En cette rentrée 2026, la France entre dans la phase active de l’élection présidentielle. Il faut attendre janvier, voire février, pour entrer dans la phase intense quand les prétendants réels seront connus. Pour l’instant, il n’est pas inutile de se pencher sur quelques anciens qui ont occupé la fonction. On pense d’abord à De Gaulle. En réalité, il est « hors concours ». Déjà il porte un nom qui précède celui de France. Ensuite il a sauvé l’honneur en 1940 et contribué à la victoire en 1944. Tout est dit.

   Le conseil vient de François Mitterrand.17 novembre 1994, il assiste au Congrès des Maires de France. Il vient leur dire au revoir à quelques mois de la fin de son mandat. Devant lui, assis au premier rang et côte à côte, Edouard Balladur, Premier Ministre, qui se voit Président avant même le vote, et Jacques Chirac, Maire de Paris, abandonné de ses amis. Le Président est très malade mais la politique est un remède puissant. Il donne donc un conseil à quelques mois du scrutin. Il en fait une condition : » Il faut que le Chef de l’Etat aime les Français et que les Français sentent qu’il les aime..S’il n’y a pas cette relation affective, cette relation humaine, le reste ne marche pas ». Présent, je n’ai jamais oublié ces quelques phrases.

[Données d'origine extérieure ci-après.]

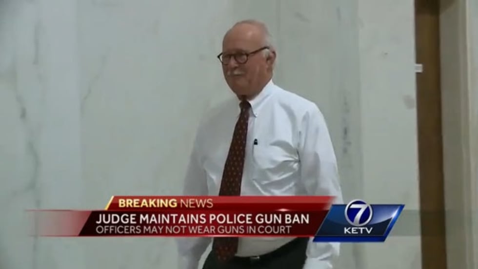 Late Friday, Douglas County (NE) District Court Judge James Gleason issued an order, affirming his ban on police carrying guns into court, even as part of their uniform.

   Lui-même l’a mis en œuvre à sa façon, y compris en faisant connaître la géographie de sa vie. Jarnac et la Saintonge qu’il retrouvera dans les paysages de Toscane et d’Ombrie. Chateau-Chinon et le Morvan où il connaîtra des hivers rudes et des hommes de dur labeur. Latché et ses forêts de pins qu’il fréquentait suivi de son labrador et vêtu d’un pantalon de velours.Solutré et sa roche où il dira : » De là, je vois ce qui ne change pas ». Paris, ses bouquinistes, ses librairies et le chevet de Notre-Dame qu’il apercevait de sa maison. Le lac Chauvet en Auvergne où il retrouvait chaque fin août ses amis autour d’un chou farci et d’une tarte aux myrtilles. Vézelay et son église où il s’arrêtait pour se recueillir sur la route de Paris et après avoir échangé avec le Frère Roger de l’Abbaye de Taizé, ce dernier lâchement assassiné le 16 août 2005. Suze-la-Rousse dans la Drôme pour l’excellente omelette aux cèpes de l’épouse d’Henri Michel, le « député des Côtes-du-Rhône ».Plus tard Belle-Île où il aimait se promener quelques mois avant sa mort.

   Certains diront que tout cela c’est de la « com ».Erreur.! Car ces lieux résonnent dans la tête des Français. Présider une vieille nation ne se résume pas à l’élaboration d’un programme. C’est se situer dans le temps long de l’histoire, au-delà des désaccords et des polémiques du présent.

   Deux Présidents en ont tiré la leçon. Jacques Chirac d’abord, François Hollande ensuite en s’ancrant dans la même Corrèze, terre de Résistance, en traversant la France de tous côtés, l’un pour le RPR, l’autre pour le PS. Ils n’ont jamais lâché leur terre d’élection, convaincus que la fidélité était leur socle, y compris au pire creux de leur vie politique. Jacques Chirac a même ajouté le Salon de l’Agriculture , en faisant monter à la capitale les paysans de toute la France jusqu’à y passer des heures comme une marque d’attention et d’affection.

   Est-ce une leçon qui vaut encore à l’heure des réseaux sociaux et de l’Intelligence Artificielle.? Difficile de répondre avec certitude. Mais ce parcours géographique de François Mitterrand, même quand on est un opposant farouche, reflète le parcours d’un humaniste. Et l’humanisme ne doit jamais quitter la politique quelques soient les techniques de communication.